In my mind, that ADA-publicized number…. whatever it is…. is completely meaningless.

Posted on June 18, 2014, in Diabetes, Type 1 and tagged . Bookmark the permalink. 13 Comments.

  1. Totally paranoid, but I keep thinking this is about making it easier for kids to escape negligent parents/easier for the government to intervene & remove children from their homes and shuffle them into foster care. I’m obsessing. I don’t understand who even uses the ADA guidelines. No doctors we know has ever mentioned the number 8. Ever ever never.

    I completely agree with you about the wanting to be as close to normal. Won’t some (not me) parents (or old timey pediatricians) going to say chocolate milk is exactly what that kid cruising at 6.7 needs to hit the goal? Ohhhhh. I guess that’s what you mean in scenario #1.


    • Whether that’s the intent or not, who’s to say it won’t be used for that reason if the opportunity arises? But I suppose moving the bar might put more people into the “uncontrolled” category, which strengthens the argument for more better CGM/test strip coverage by insurance.
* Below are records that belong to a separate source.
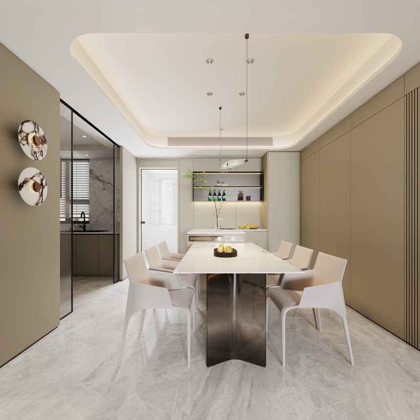 餐厅岛台的设计兼具实用和美观,更加扩展了空间功能的多样性。
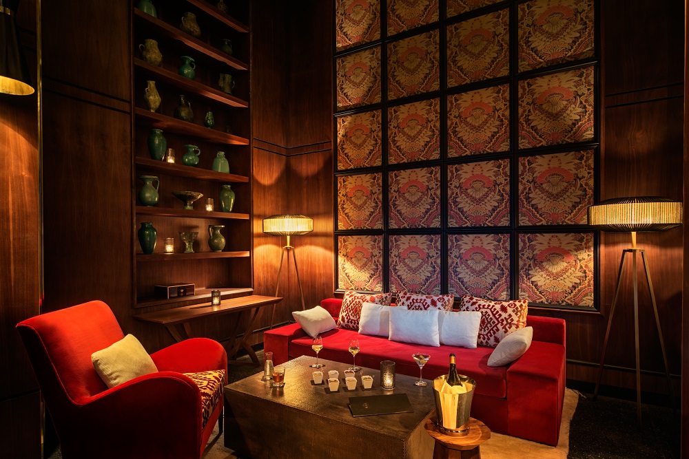 Cheminée et bar en laiton, espace bibliothèque, piano et ventilo rétro créent une ambiance musicale jazzy dans une atmosphère feutrée aux accents british.
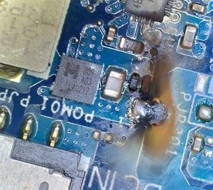 確認するとコンデンサではなく、SMDインダクタが焼けていました。隣のチップコンデンサ3個もダメでした。

So it can be used both ways.


    • I saw one good part on Meri’s post—the ADA backs try-hards up with some “ten strips or more a day may be needed.” That’s nice.


  2. totally and completely well written beautiful post here.
    and accurate. and smart. and just… GREAT!
    I know I sure hate having that bar set. For some of us, it’s unattainable no matter how hard we try and results and quarterly sob fests of disappointment for not being good enough.
    I think a “range” is better than a set number. and a big range at that.


  3. I guess I’ve been waaaaay out of the loop. I thought that was the target all along, even in my younger years because my doctors always sought for the 7-7.5 range for me.


  4. Scott – As a parent of a 14 year old T1D. I have been mulling this information over for the past few days not sure what to even think or say about this. Then I read your post. Thank you, thank you, thank you. I think you have put into words what I could not. Every person with T1D has different circumstances, not even to mention the emotions that go into the concept of getting to an A1C you feel comfortable with. How my son feels when he is low and how he describes it is scary and contributes to how we choose to manage his A1C. Thank you for sharing.

    Liked by 1 person

  5. I feel the same way about “targets,” even if they aren’t the immediate focus for an A1C and something to ultimately shoot for. What’s most newsworthy about this ADA statement really isn’t the A1C target, though — it’s that this is the first time the org has EVER made a move with an official position statement distinguishing between the two types. And to really make a point that, just because you’re an adult with diabetes, that doesn’t mean you have Type 2. As to the kid A1C aspect, this puts ADA in line with international guidance and there’s no consistency, rather than A1C having a differing standard and confusing the HCPs.


  6. The Mike Hoskins ADA link is just what I needed to read. Thanks! It’s like unpacking an explanation of my life.

    Liked by 1 person

  7. OK, I love your post and your take on the news. When I first heard the news I thought how unbelievably tough those guidelines must be for younger people. I don’t know what my A1Cs were growing up but in my 20’s I struggled to get below 8. You addressed so many great points in this article. Thanks for sharing.